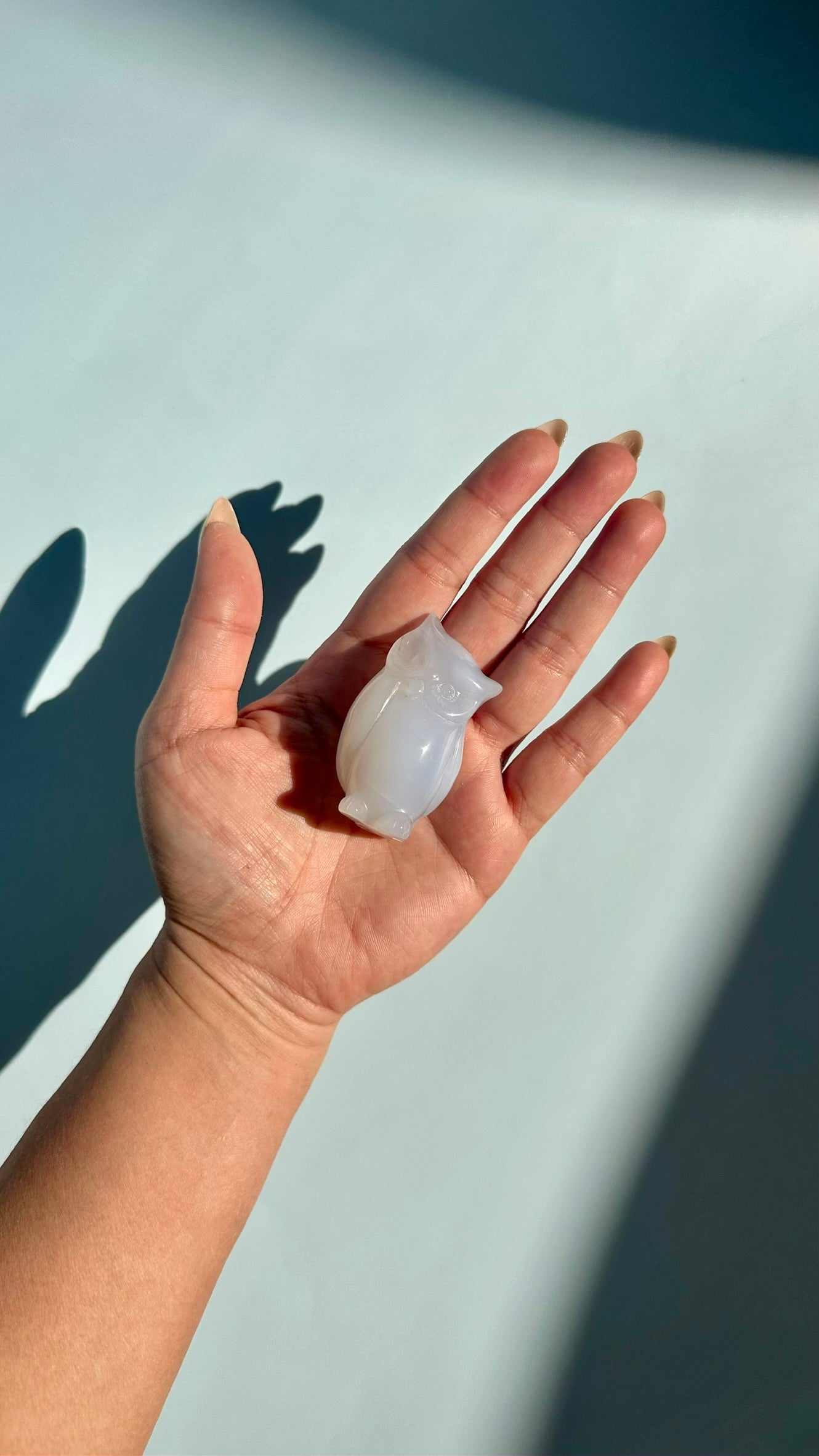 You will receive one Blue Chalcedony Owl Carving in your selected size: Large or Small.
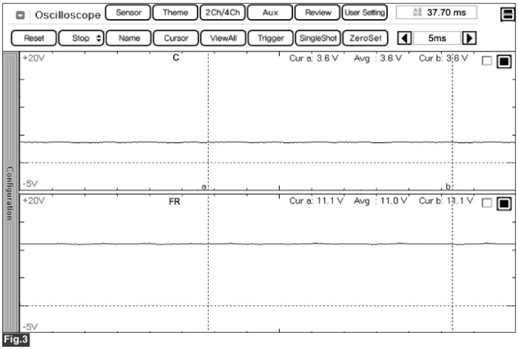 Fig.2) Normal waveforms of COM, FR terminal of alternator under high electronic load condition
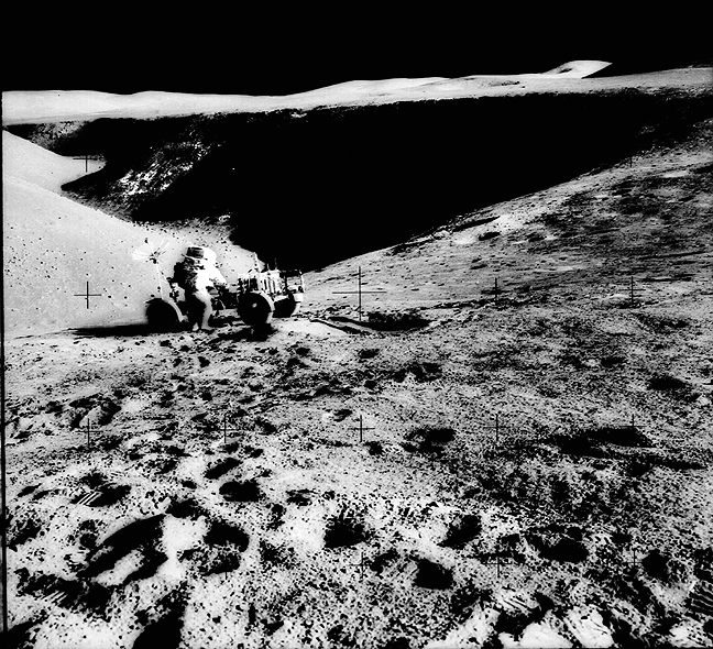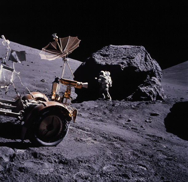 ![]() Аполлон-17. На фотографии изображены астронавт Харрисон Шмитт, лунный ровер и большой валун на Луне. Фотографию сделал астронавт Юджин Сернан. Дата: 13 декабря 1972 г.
* * *
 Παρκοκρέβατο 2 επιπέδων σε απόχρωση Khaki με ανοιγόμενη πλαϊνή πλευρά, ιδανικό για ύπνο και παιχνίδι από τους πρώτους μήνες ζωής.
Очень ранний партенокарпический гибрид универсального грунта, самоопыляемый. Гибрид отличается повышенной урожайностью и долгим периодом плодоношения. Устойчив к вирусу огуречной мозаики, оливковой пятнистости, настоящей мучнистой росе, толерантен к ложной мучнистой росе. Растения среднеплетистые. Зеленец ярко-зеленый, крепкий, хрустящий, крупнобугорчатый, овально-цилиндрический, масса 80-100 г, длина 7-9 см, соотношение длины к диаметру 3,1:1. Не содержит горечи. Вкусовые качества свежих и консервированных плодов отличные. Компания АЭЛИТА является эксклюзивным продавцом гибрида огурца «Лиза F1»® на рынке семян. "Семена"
==
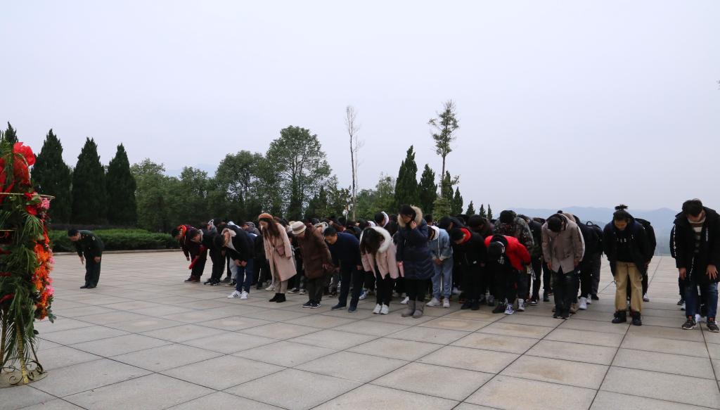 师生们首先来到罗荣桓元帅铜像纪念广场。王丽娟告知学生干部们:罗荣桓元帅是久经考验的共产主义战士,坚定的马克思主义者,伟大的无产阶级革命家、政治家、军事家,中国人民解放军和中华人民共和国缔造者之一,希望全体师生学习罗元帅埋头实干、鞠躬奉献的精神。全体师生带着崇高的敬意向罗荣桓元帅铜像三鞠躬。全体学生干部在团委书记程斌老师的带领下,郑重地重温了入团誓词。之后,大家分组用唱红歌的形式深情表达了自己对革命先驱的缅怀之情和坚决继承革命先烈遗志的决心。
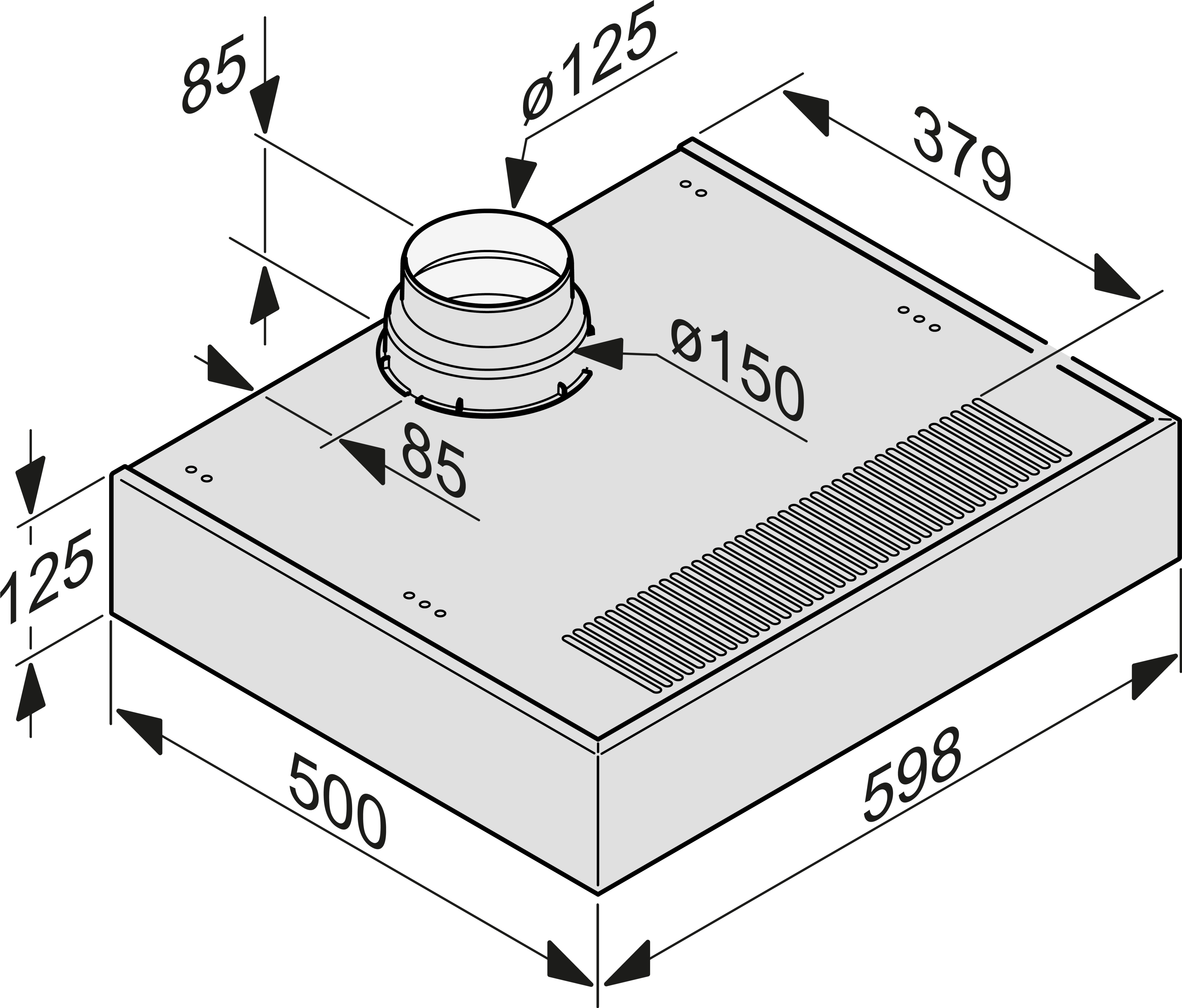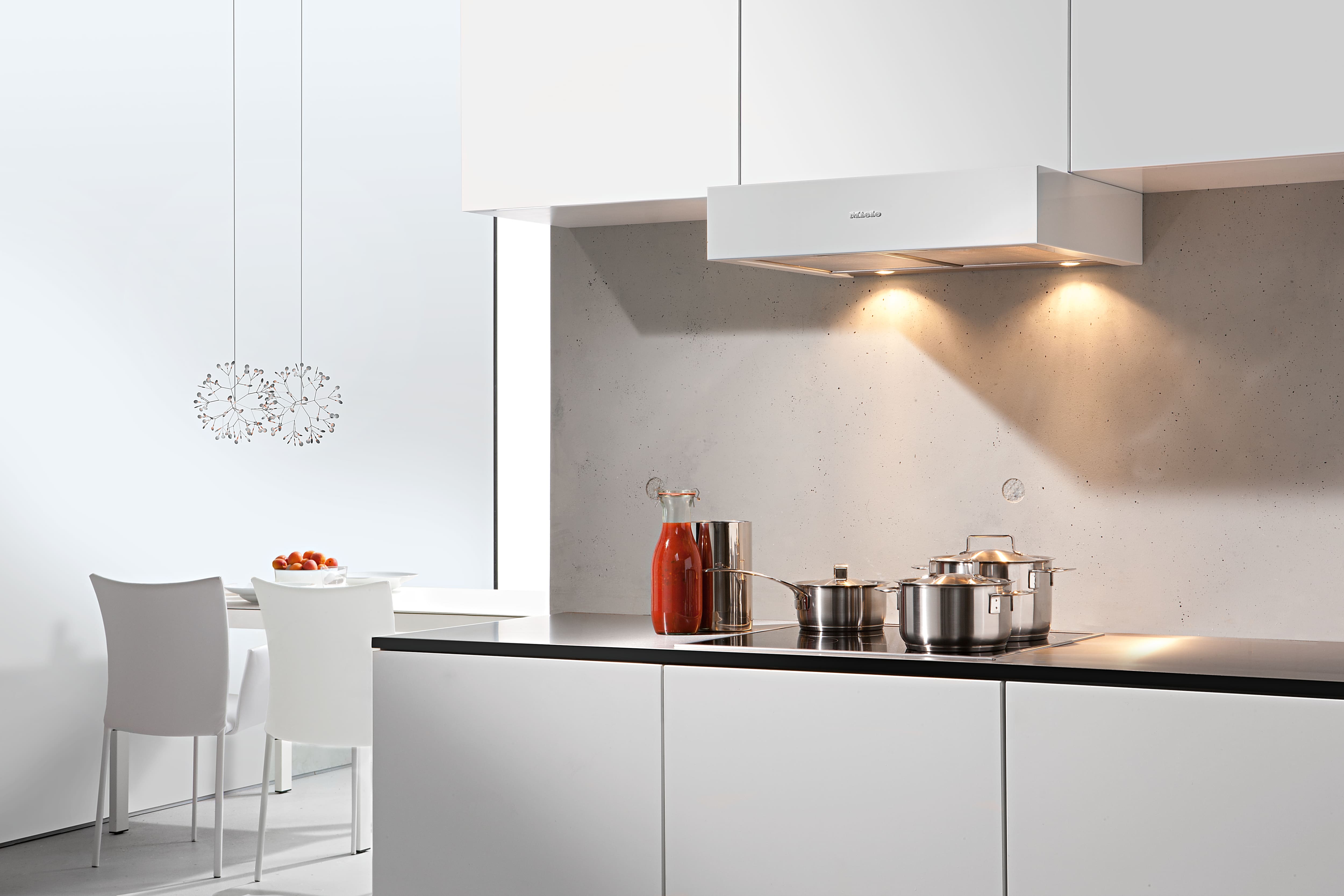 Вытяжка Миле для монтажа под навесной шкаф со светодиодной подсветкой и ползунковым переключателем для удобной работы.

## What is needed
All lines above from the one with "Παρκοκρέβατο 2 επιπέδων" to the one with "Очень ранний партенокарпический", inclusive, should be copied exactly, and no other lines.

## Finished exercise
 Παρκοκρέβατο 2 επιπέδων σε απόχρωση Khaki με ανοιγόμενη πλαϊνή πλευρά, ιδανικό για ύπνο και παιχνίδι από τους πρώτους μήνες ζωής.
Очень ранний партенокарпический гибрид универсального грунта, самоопыляемый. Гибрид отличается повышенной урожайностью и долгим периодом плодоношения. Устойчив к вирусу огуречной мозаики, оливковой пятнистости, настоящей мучнистой росе, толерантен к ложной мучнистой росе. Растения среднеплетистые. Зеленец ярко-зеленый, крепкий, хрустящий, крупнобугорчатый, овально-цилиндрический, масса 80-100 г, длина 7-9 см, соотношение длины к диаметру 3,1:1. Не содержит горечи. Вкусовые качества свежих и консервированных плодов отличные. Компания АЭЛИТА является эксклюзивным продавцом гибрида огурца «Лиза F1»® на рынке семян. "Семена"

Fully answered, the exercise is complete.